UN extends peacekeeping mission in South Sudan for a year The UN Security Council on Friday unanimously passed a draft resolution extending its peacekeeping mission in violence-plagued South Sudan by a year. The US-drafted resolution includes stronger language aimed at protecting civilians, saying peacekeepers should do more to prevent and respond to sexual attacks in the country. It also
calls on peacekeepers to monitor, investigate and report on hate speech incidents and incitements to violence. In a vote of 15-0, council members also proposed creation of a 4,000-troop Regional Protection Force in addition to the approximately 13,000 peacekeepers already there, mainly to ensure safe movement in and around the capital of Juba and to protect the airport there.The mandate maintains its original core functions, including the protection of civilians, monitoring and investigating human rights violations and facilitating the delivery of humanitarian assistance.
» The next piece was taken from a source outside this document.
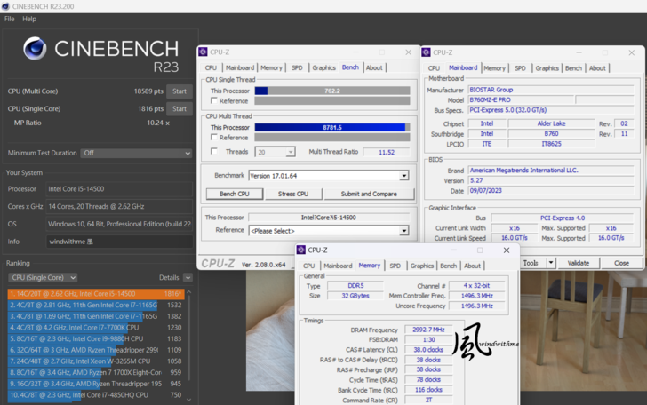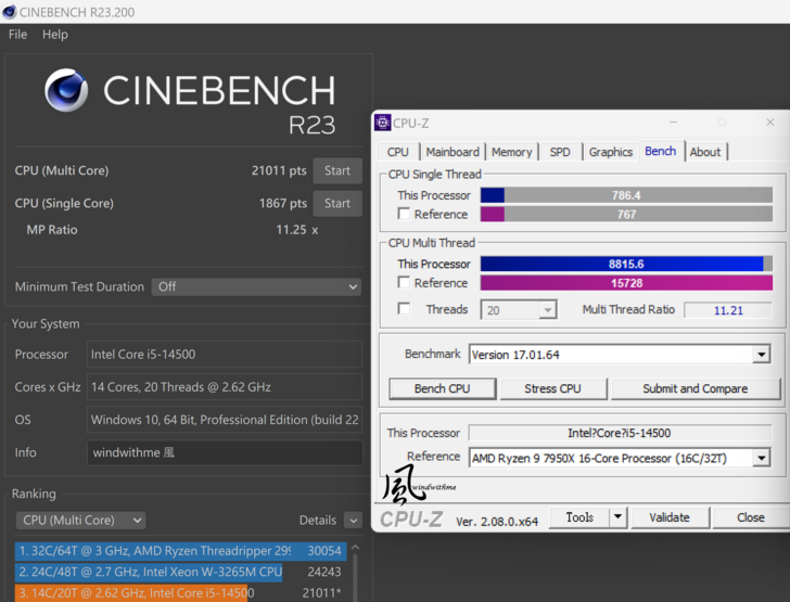 上面14500跟7600X相比,雖然用了較低一階的240水冷,不過溫度跟效能表現都較佳,估計14500在一般使用環境若用品質不錯的單塔散熱器就能有很不錯的表現,此外14500在CPUZ單線程效能超越7950X讓人有點驚訝。

Two years after the African country’s independence from neighboring Sudan in 2011, South Sudan was plunged into ethnic violence when forces loyal to President Salva Kiir, a Dinka, started battling those loyal to Riek Machar, his former vice president and a Nuer. The document asks both sides to return to a peace deal signed in August 2015.
On Thursday, the council extended the mandate by a day so its divided members could try to reach agreement on prolonging the mission and addressing the crisis in the country. The mission’s mandate expired the same day. Russia’s Deputy UN ambassador Petr Iliichev said after the vote Friday that his country voted for the resolution in part because of the importance of a UN presence in the country but he admonished the United States for pushing through its interests over those of other countries.
Russia and others had objected, for example, to language that threatens to impose sanctions and provisions such as the use of drones. South Sudan’s UN Ambassador Joseph Mourn Majak Ngor Malok said his country welcomed the mission’s renewal, but said he was also disappointed that the concerns of his and other countries were not considered.
“The government of South Sudan continues to oppose the negative threats of sanctions and punishment, which can only undermine cooperation,” he said. The draft resolution comes after a team of UN investigators told the UN Human Rights Council in Geneva on Wednesday that South Sudan is “on the brink of an all-out ethnic civil war which could destabilize the entire region.”